11. It is noted that the petitioner did not raise this issue at any point prior to the institution of the present writ petition although the point was available to the petitioner at the stage of issuance of notice under Section 148A(b) as well as upon issuance of the order dated March 27, 2023 under Section 148A(d) of the said Act of 1961. Although jurisdictional issues, which go to the root of the matter can be raised at any point of time, yet raising of such issue for the first time in the second round of writ proceeding before this Court, gives an impression that the petitioner only seeks to avoid the statutory forum of appeal and delay final adjudication of the matter.
12. The factual disputes that may fall for determination can very well be raised before the appellate authority available to the petitioner under section 246 of the said Act of 1961. Since the jurisdictional issue raised by the petitioner has failed to withstand scrutiny of this Court under Article 226 of the Constitution of India and the petitioner has an alternative and efficacious remedy before the Appellate Authority under Section 246 of the said Act of 1961, the instant writ petition cannot be entertained. W.P.O646 of 2024 stand dismissed.

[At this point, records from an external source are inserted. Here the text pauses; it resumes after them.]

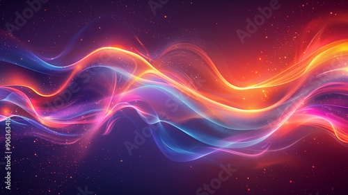 Wall mural : Abstract background with neon waves and dots on abstract light background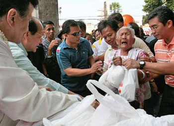 4月18日,菲律宾马尼拉,大批贫民手持对换劵拥挤在一起,等候领取装有大米和罐头的礼物包。这是菲律宾前总统埃斯特拉达为庆祝自己71岁生日,而特意向穷人施舍的。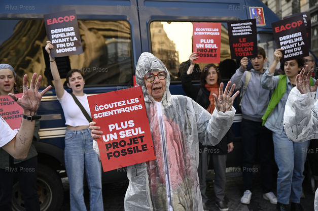 Légende : Des militants pour le climat tentent de bloquer l'Assemblée générale des actionnaires du géant pétrolier et gazier TotalEnergies /// Climate activists try to block General Meeting of Shareholders of oil and gas giant TotalEnergies - Paris - 26/05/2023 - Photo © Lionel Préau +33 (0)6 68 12 83 77

13. However, this order shall not prevent the petitioner to prefer appeal before the appellate authority under section 246 of the said Act of 1961. Since the petitioner has approached this Court within the statutory period of limitation provided for preferring appeal under section 246 of the said Act of 1961, if an appeal is filed by the petitioner within 15 days from date, the Appellate Authority shall consider such appeal on merits and dispose of the same in accordance with law, without raising the issue of limitation.